■ **What is required**: Return the data below exactly, minus the pictures.

________________

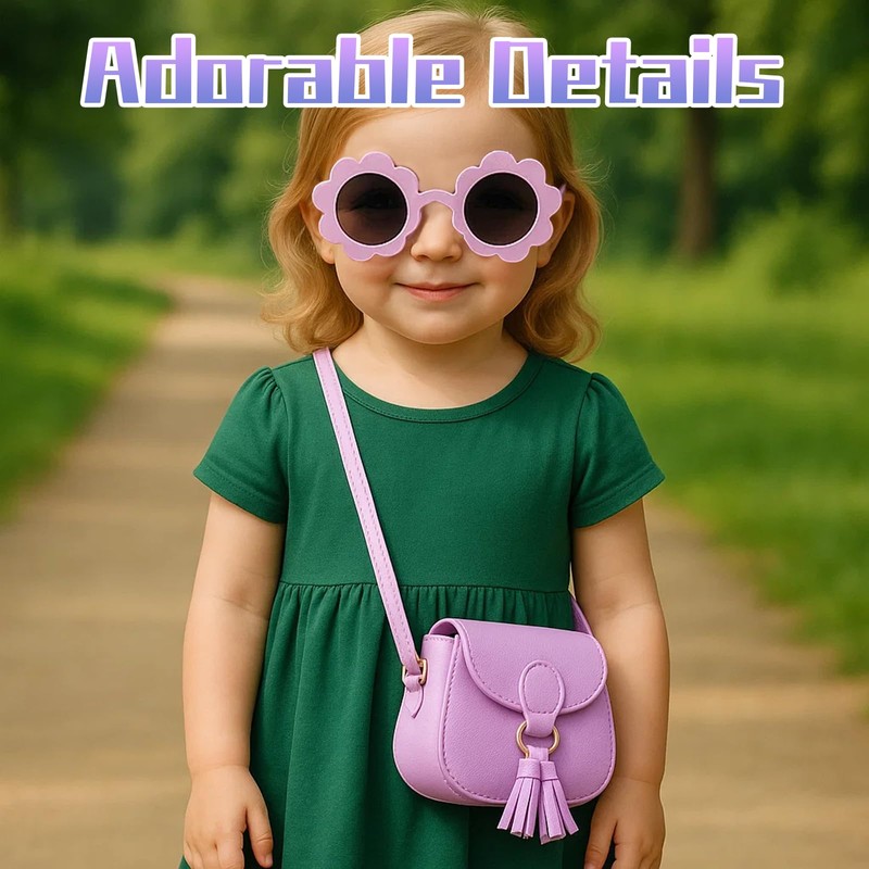- UV Protection: Sunglasses provide essential protection for outdoor activities; Kids handbag set is ideal for sunny days at the park or beach; Both items designed with young girls' safety in mind
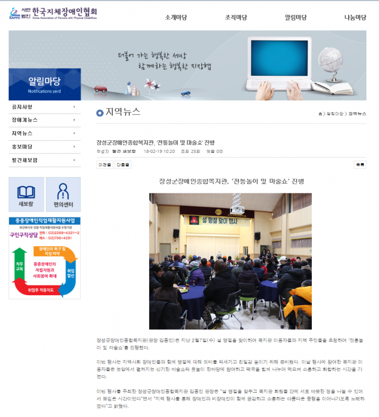 ◎ 게재현황 : 한국지체장애인협회 홈페이지
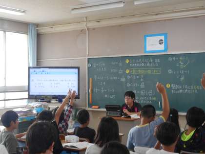 2組の算数では、小数や整数を分数で表す学習をしていました。
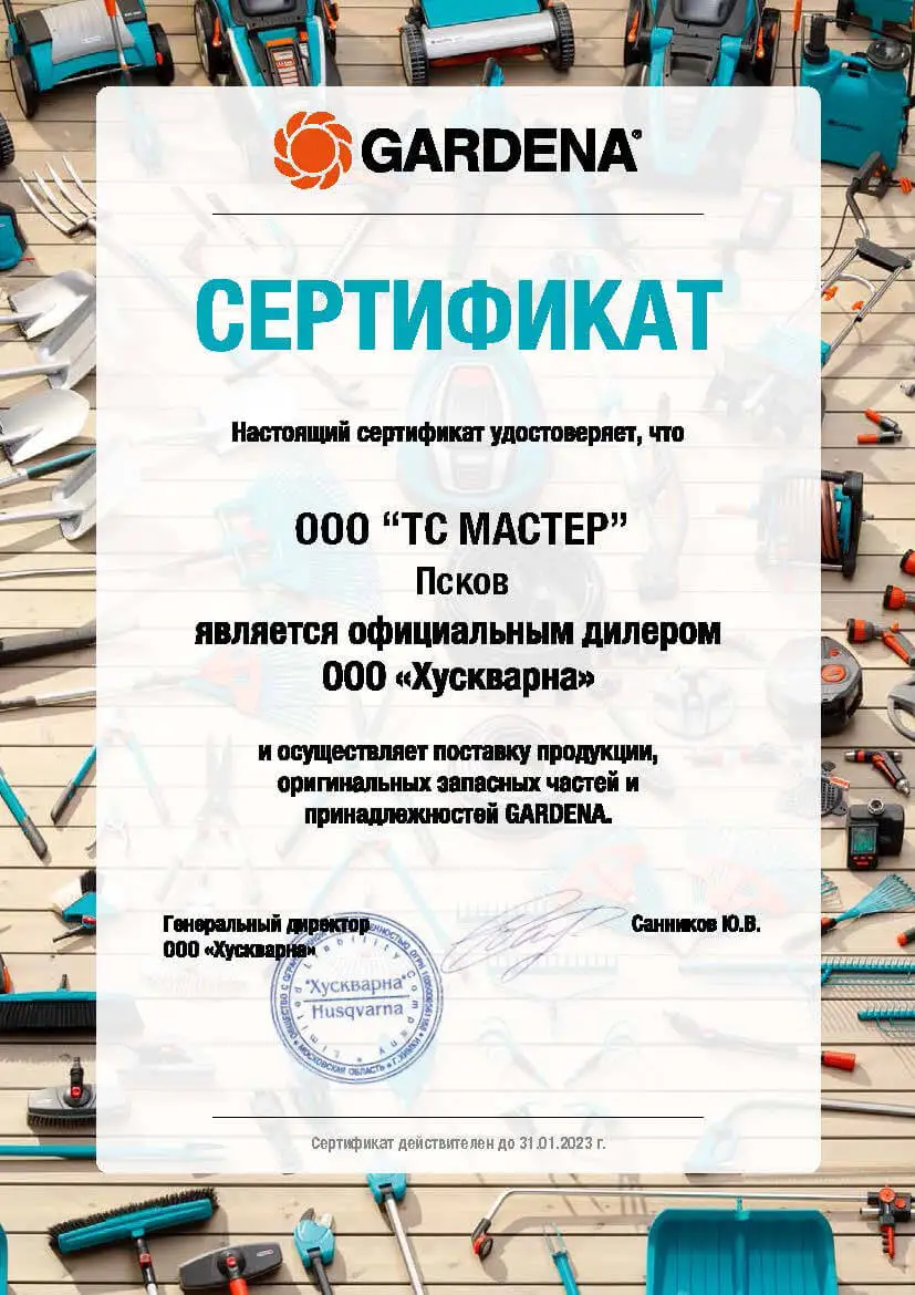 Гарантия 40 мес.на данный продукт при его регистрации на сайте в течение 3-х мес. с момента покупки. Подробные условия гарантии см. на сайте www.gardena.com/warranty. Эта гарантия от производителя не затрагивает гарантийных обязательств дилера/поставщика.
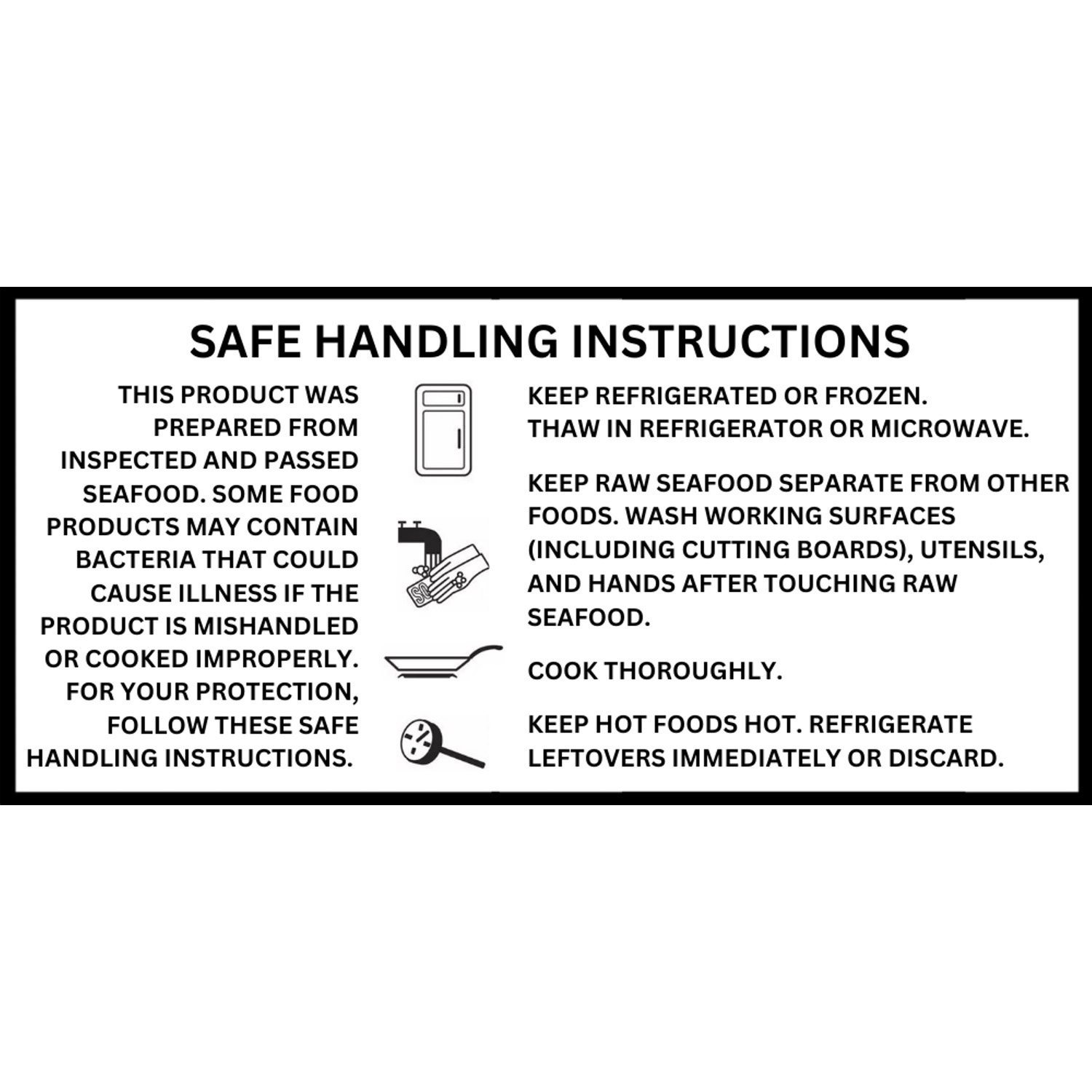 Safe Handling: This product was prepared from inspected and passed seafood. Some food products may contain bacteria that could cause illness if the product is mishandled or cooked improperly. For your protection, follow these safe handling instructions. Keep refrigerated or frozen. Thaw in refrigerator or microwave. Keep raw seafood separate from other foods. Wash working surfaces (including cutting boards), utensils, and hands after touching raw seafood. Cook thoroughly. Keep hot foods hot. Refrigerate leftovers immediately or discard.

________________

■ **Output of the task**:
- UV Protection: Sunglasses provide essential protection for outdoor activities; Kids handbag set is ideal for sunny days at the park or beach; Both items designed with young girls' safety in mind
 ◎ 게재현황 : 한국지체장애인협회 홈페이지
 2組の算数では、小数や整数を分数で表す学習をしていました。
 Гарантия 40 мес.на данный продукт при его регистрации на сайте в течение 3-х мес. с момента покупки. Подробные условия гарантии см. на сайте www.gardena.com/warranty. Эта гарантия от производителя не затрагивает гарантийных обязательств дилера/поставщика.
 Safe Handling: This product was prepared from inspected and passed seafood. Some food products may contain bacteria that could cause illness if the product is mishandled or cooked improperly. For your protection, follow these safe handling instructions. Keep refrigerated or frozen. Thaw in refrigerator or microwave. Keep raw seafood separate from other foods. Wash working surfaces (including cutting boards), utensils, and hands after touching raw seafood. Cook thoroughly. Keep hot foods hot. Refrigerate leftovers immediately or discard.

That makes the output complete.